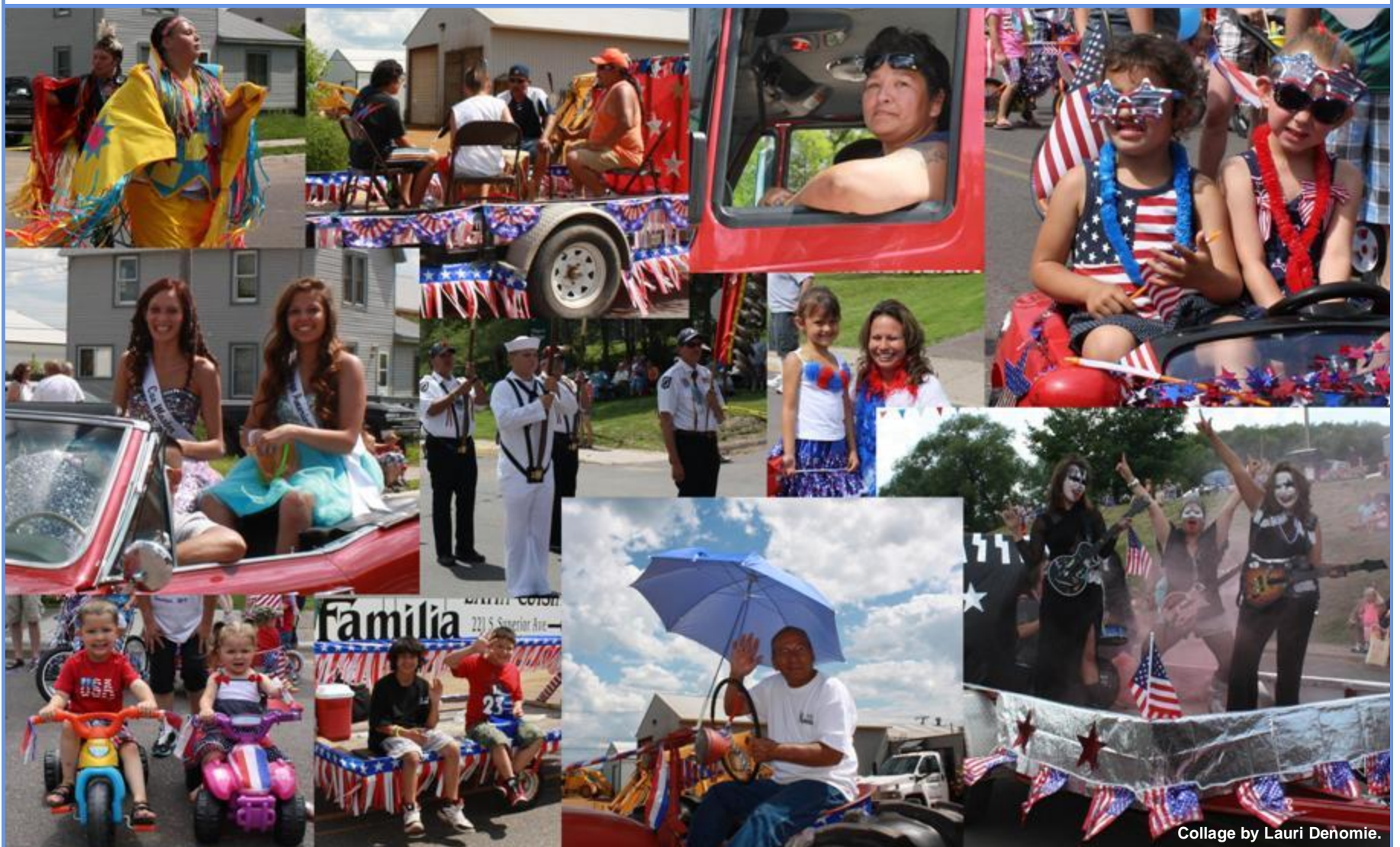
Collage by Lauri Denomie.
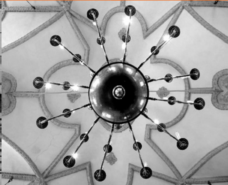
The vault of the main hall in the Old City synagogue
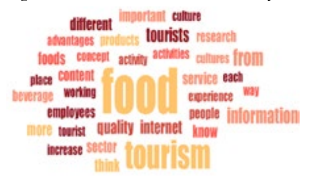
Figure 1. General word cloud of the study

When talking about food literacy, and the importance of tourism personnel being food literate, the first expressions in the mind of participants were "content, quality, culture, information, knowledge, service, and experience." Most of these words became codes and themes when the readings are detailed. Also, it won't be wrong to say these are some of the ingredients of the food literacy domains.
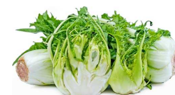
PUNTARELLA 15 LB (12CT)
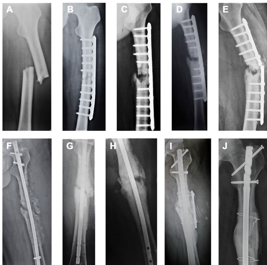
Fig. 2 A male, 26 years old, non-union of left femoral shaft for 23 months. A Displaced fracture of the left femoral shaft caused by a traffic accident. B Open reduction and internal fixation postoperatively. C Six months after the operation, the plate loosened. D The plate was re-fixed and bone grafted with autologous bone. E Six months after the second operation, the plate broke. F Intramedullary nail fixation and bone grafting with autologous bone. G Within 5 months after the third operation, the non-union site did not heal. And intramedullary nails dynamization was conducted with autologous bone grafting. H After the fourth operation, the non-union site still did not unite. I Intramedullary nail fixation. Due to the limited resources of the donor site, cortical allograft strut grafting was finally performed. J Allogeneic bone fusion and nonunion healing in 18 months after the final operation, and the shape was “biconvex.” The contralateral cortical site healed completely, and there was a creeping substitution between cortical allograft strut and femur. The periosteum of the femur has wholly crossed the strut

The treatment of long bone nonunion remains a considerable challenge for orthopaedists. This study showed that cortical allograft strut augmented with platelet-rich plasma could successfully treat long bone nonunions in the lower limb. Although autografts were fresh viable tissues with cancellous parts and the bone marrow, which were not only osteoconductive but also osteoinductive and osteogenic grafts, cortical allografts also have some superiority to autografts in terms of larger and longer size and more significant defects [7]. These echoed the findings of earlier research, and PRP seemed, to some extent, an attractive biological to enhance fracture healing [23]. The bone healing of nonunion on the midshaft clavicle, distal femur, forearm, humeral shafts, distal femoral was
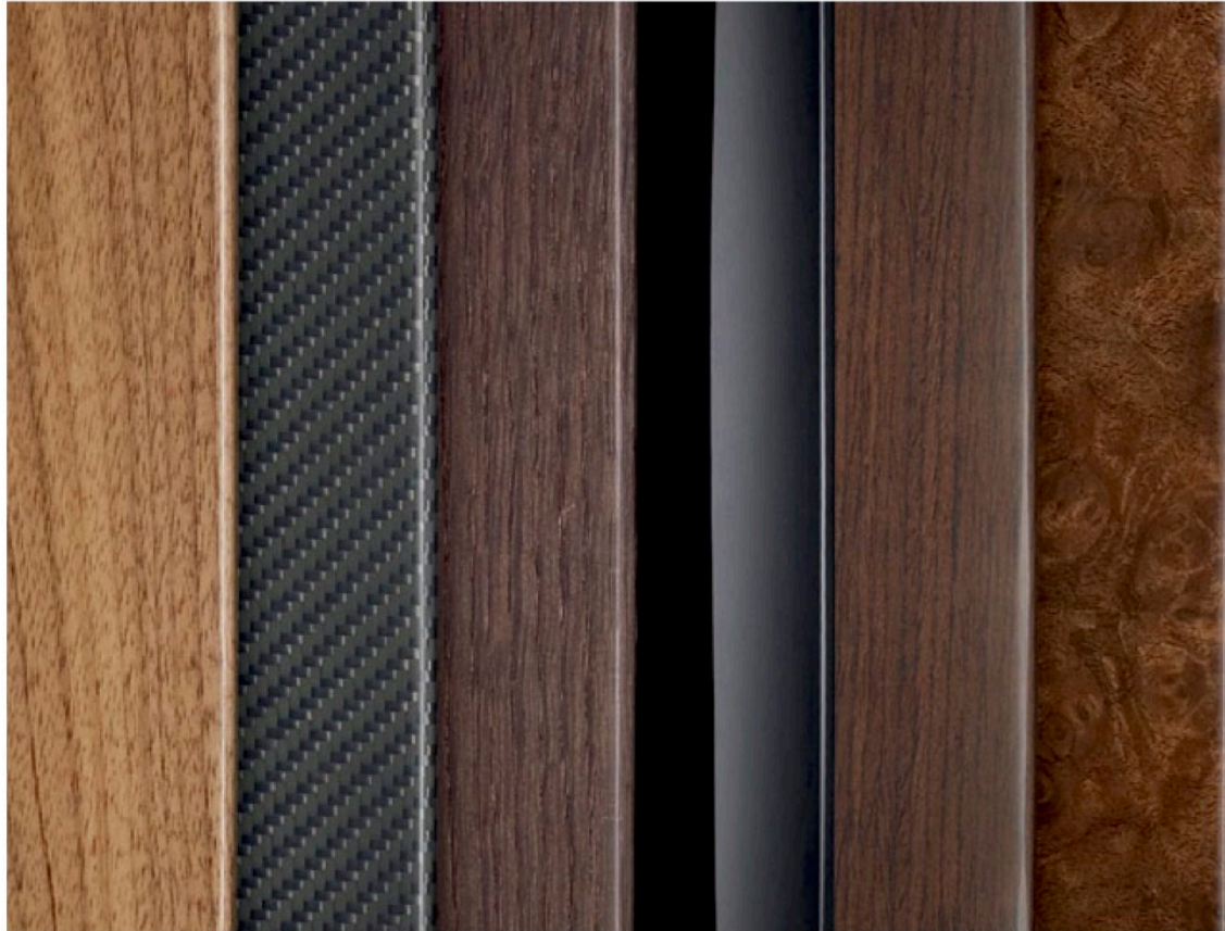
Satin American Walnut
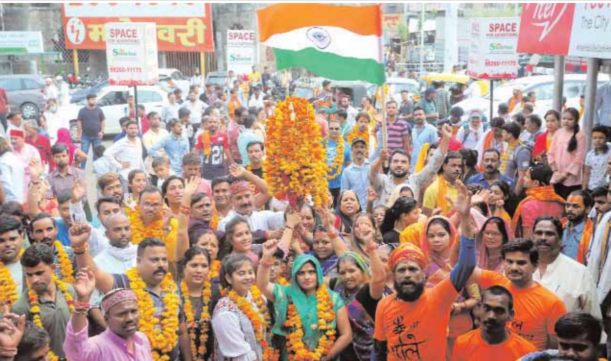
Under the Teerth Yatra Yojana, the first batch of the pilgrims leaves for their annual Amarnath Yatra after a gap of two years due to coronavirus pandemics, at railway station in Bhopal on Tuesday.
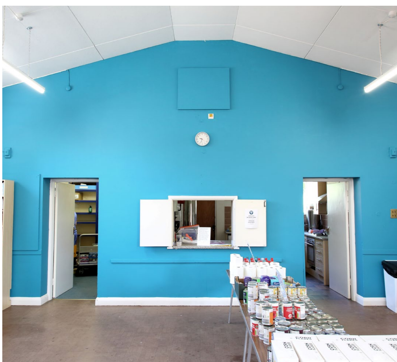
Above: Freshly painted in the summer by the youth group.

Our church building was built in 1957 to serve the growing community of Chantry.
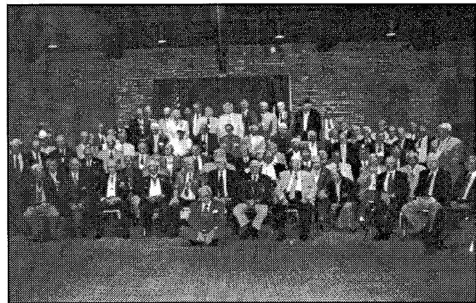
Merrill's Marauders Men present at Columbus, GA. 2003 Reunion
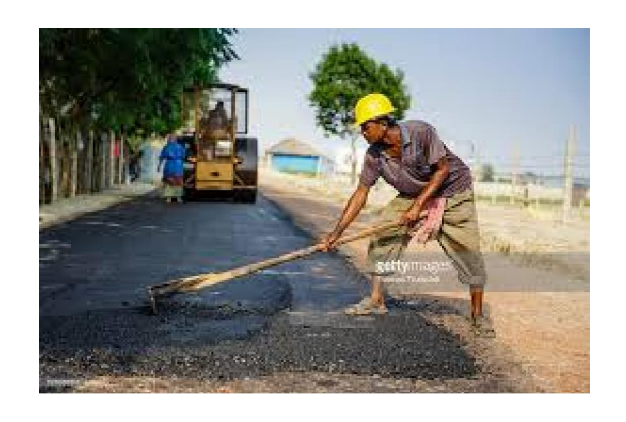
4.5 KM Road Earth work@Gauronodi, Barisal under LGED
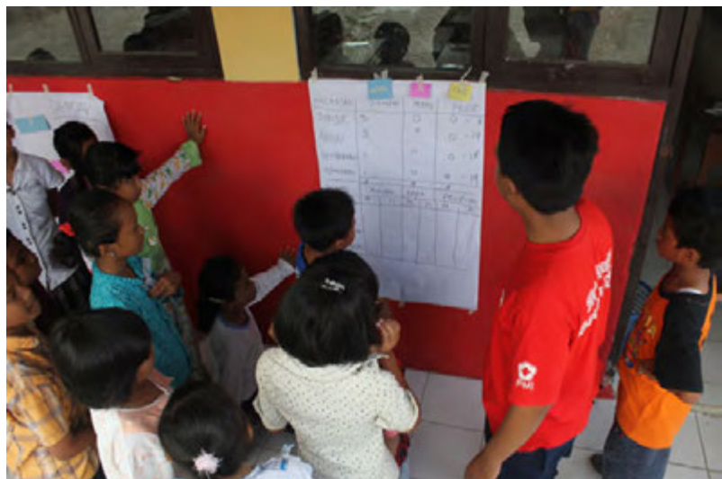
Pupils in our primary school, participate actively in hazard analysis

My village is also vulnerable to whirlwind. Usually when it happens, most people do not know what to do except to panic and run to an empty ground. Whirlwind will cause damages to a number of

** Task objective **
Every entry above should be restated word for word, with the images left out.

** Answer for this exercise **
Collage by Lauri Denomie.
The vault of the main hall in the Old City synagogue
Figure 1. General word cloud of the study

When talking about food literacy, and the importance of tourism personnel being food literate, the first expressions in the mind of participants were "content, quality, culture, information, knowledge, service, and experience." Most of these words became codes and themes when the readings are detailed. Also, it won't be wrong to say these are some of the ingredients of the food literacy domains.
PUNTARELLA 15 LB (12CT)
Fig. 2 A male, 26 years old, non-union of left femoral shaft for 23 months. A Displaced fracture of the left femoral shaft caused by a traffic accident. B Open reduction and internal fixation postoperatively. C Six months after the operation, the plate loosened. D The plate was re-fixed and bone grafted with autologous bone. E Six months after the second operation, the plate broke. F Intramedullary nail fixation and bone grafting with autologous bone. G Within 5 months after the third operation, the non-union site did not heal. And intramedullary nails dynamization was conducted with autologous bone grafting. H After the fourth operation, the non-union site still did not unite. I Intramedullary nail fixation. Due to the limited resources of the donor site, cortical allograft strut grafting was finally performed. J Allogeneic bone fusion and nonunion healing in 18 months after the final operation, and the shape was “biconvex.” The contralateral cortical site healed completely, and there was a creeping substitution between cortical allograft strut and femur. The periosteum of the femur has wholly crossed the strut

The treatment of long bone nonunion remains a considerable challenge for orthopaedists. This study showed that cortical allograft strut augmented with platelet-rich plasma could successfully treat long bone nonunions in the lower limb. Although autografts were fresh viable tissues with cancellous parts and the bone marrow, which were not only osteoconductive but also osteoinductive and osteogenic grafts, cortical allografts also have some superiority to autografts in terms of larger and longer size and more significant defects [7]. These echoed the findings of earlier research, and PRP seemed, to some extent, an attractive biological to enhance fracture healing [23]. The bone healing of nonunion on the midshaft clavicle, distal femur, forearm, humeral shafts, distal femoral was
Satin American Walnut
Under the Teerth Yatra Yojana, the first batch of the pilgrims leaves for their annual Amarnath Yatra after a gap of two years due to coronavirus pandemics, at railway station in Bhopal on Tuesday.
Above: Freshly painted in the summer by the youth group.

Our church building was built in 1957 to serve the growing community of Chantry.
Merrill's Marauders Men present at Columbus, GA. 2003 Reunion
4.5 KM Road Earth work@Gauronodi, Barisal under LGED
Pupils in our primary school, participate actively in hazard analysis

My village is also vulnerable to whirlwind. Usually when it happens, most people do not know what to do except to panic and run to an empty ground. Whirlwind will cause damages to a number of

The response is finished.